Morning Al, thanks...

Yesterday it was a quiet-pleasing day together after a long long time. Especially for me. Because I managed to stop all sorts of thoughts from ruining my mood and didnt talk R but most importantly didnt WANT to talk about our R which was what made the difference. Usually we dont talk about our M but I am constantly thinking of what I would want to tell him...

I came home and found him there. He fixed the sink although he cant do handyman jobs around the house and I made sure I expressed many times how pleased I was my cabinet wasnt "moist" anymore, he had done the stduying with the kids, took and picked up my son from his English lessons, fed them, etc etc.

I cooked an apple cake with my D and niece (which turned out great!), his father came for a visit and he asked me to give his dad some of it to take it home with him, he gave my son a bath and we all spent a few minutes in my D's bed before they fell asleep.
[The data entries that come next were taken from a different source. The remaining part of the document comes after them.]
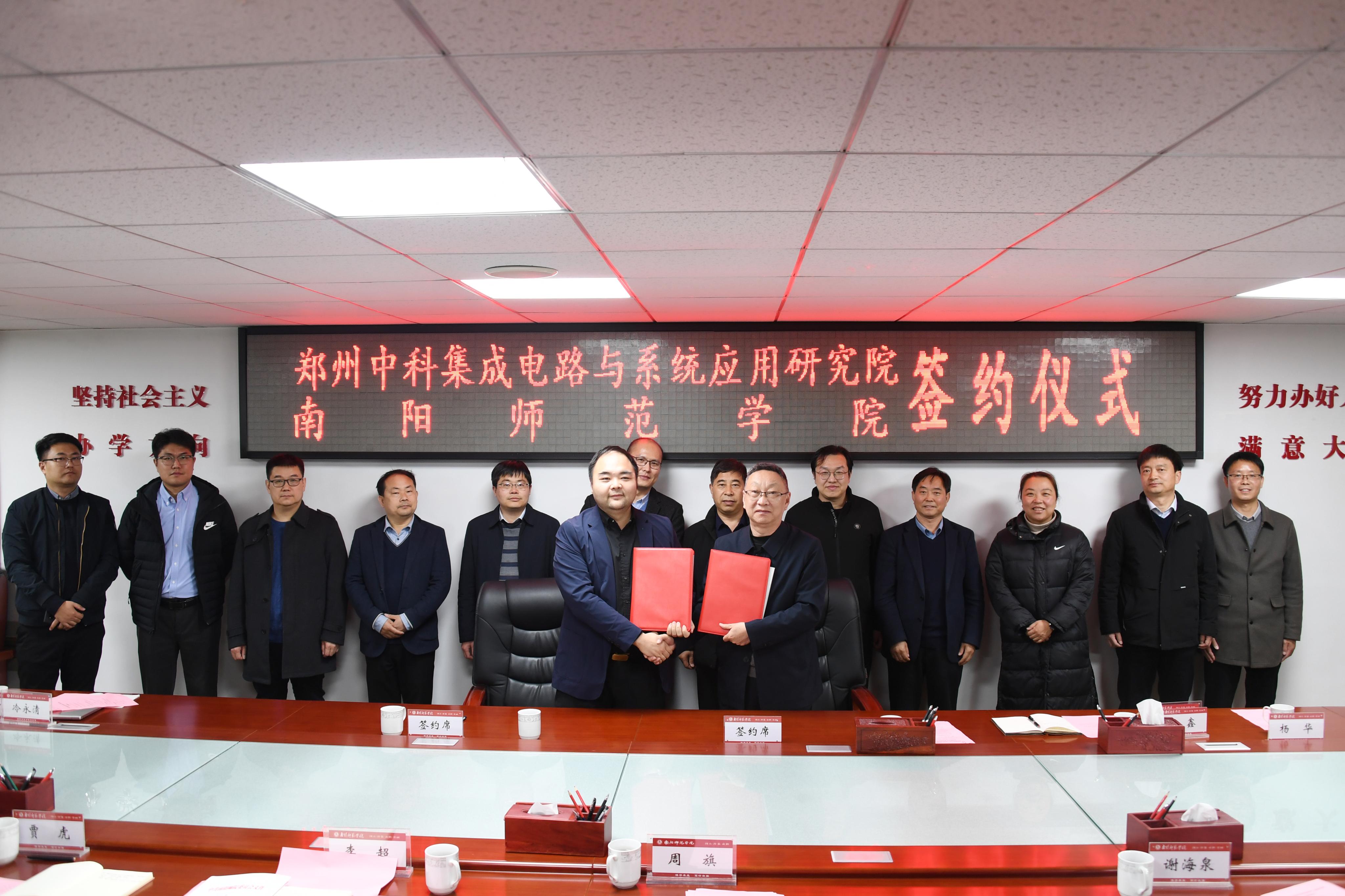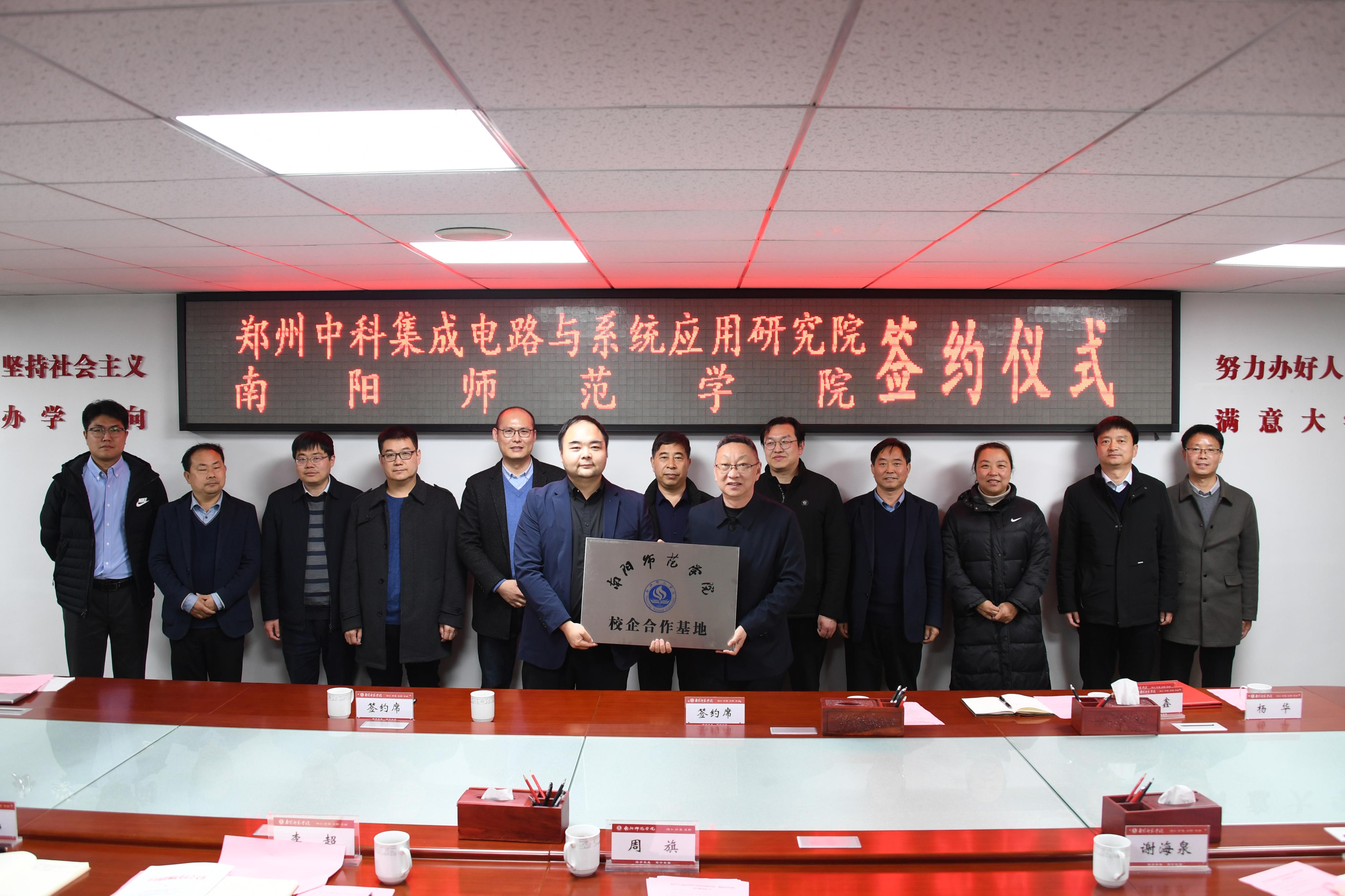 本网讯(赵清韬 惠明/文 杨毅鑫 姜智源/图)3月16日下午,天游官网与郑州中科集成电路与系统应用研究院(简称研究院)校企合作签约暨授牌仪式在办公大楼三楼会议室举行。研究院院长邱昕一行及南阳市科技局相关科室负责人,天游官网副校长周旗出席签约仪式。教务处、科技处、创新创业学院、机电工程学院、计算机科学与技术学院、纳米器件与系统集成研究院等相关负责同志参加。仪式由校企合作办公室主任李超主持。
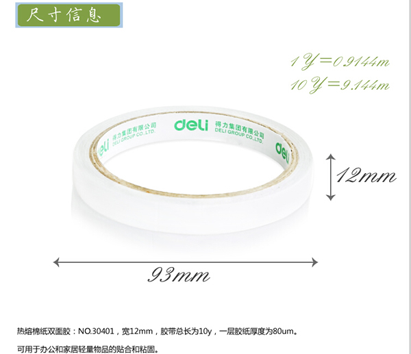 得力30401棉纸双面胶带1.2CM宽的说明:
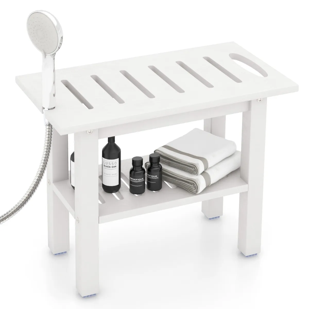 【Grote opbergruimte】: Dankzij het ontwerp met twee niveaus en de handige douchekophouder is de badkruk ideaal om al uw douchebenodigdheden binnen handbereik op te bergen. Bovendien is de onderste plank op een slimme manier 20 cm verhoogd, zodat er geen spullen op de natte douchevloer terechtkomen.
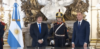 Javier Milei le tomó juramento a Diego Santilli como nuevo ministro...
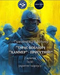 Запрошуємо всіх охочих на презентацію та перегляд фільму «Тарас Бобанич “Хаммер” - присутній!»
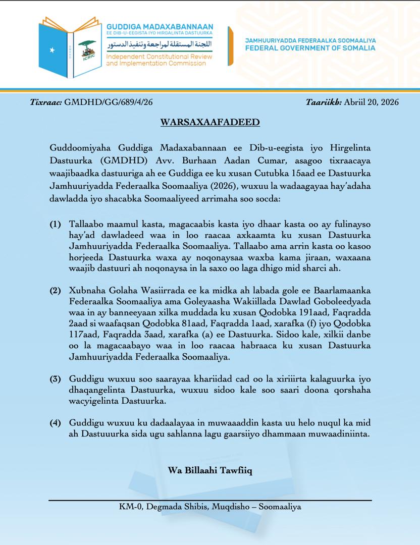 Apr 20(Jowhar) Guddoomiyaha Guddiga Madaxabannaan ee Dib-u-eegista iyo Hirgelinta Dastuurka (GMDHD) Avv. Burhaan Aadan Cumar, asagoo tixraacaya waajibaadka dastuuriga ah ee Guddiga ee ku xusan Cutubka 15aad ee Dastuurka Jamhuuriyadda Federaalka Soomaaliya (2026), wuxuu la wadaagayaa hay’adaha dawladda iyo shacabka Soomaaliyeed arrimaha soo socda:

My kids were so excited and happy.

I gave him a lil kiss on the lips and he was warm and accepting but probably a bit shocked. Late at night after I went to bed I came back up in the living room to ask him something about a voice recording machine I want and I saw him panicking that I would be coming for a "a talk". I asked him what I wanted, went back to bed with a smile and snuggled with him this morning.

It wasnt very difficult to keep ME positive thru the day. You have to understand that the last memories of almost 8-9 months of us being in the house are of walking on eggshels and before that only of sicknesses and deaths. We need a new routine.

I could tell he felt good about himself last night. Like he was there, did what a father does, and was accepted like a father is.

And I felt good because I wasnt the source of his stress yesterday.

flo, I do enjoy AOS. I always did little and big things for him. Sometimes, too many to the point he considered my taking on his responsibilities as acts of love and when I didnt, indifference.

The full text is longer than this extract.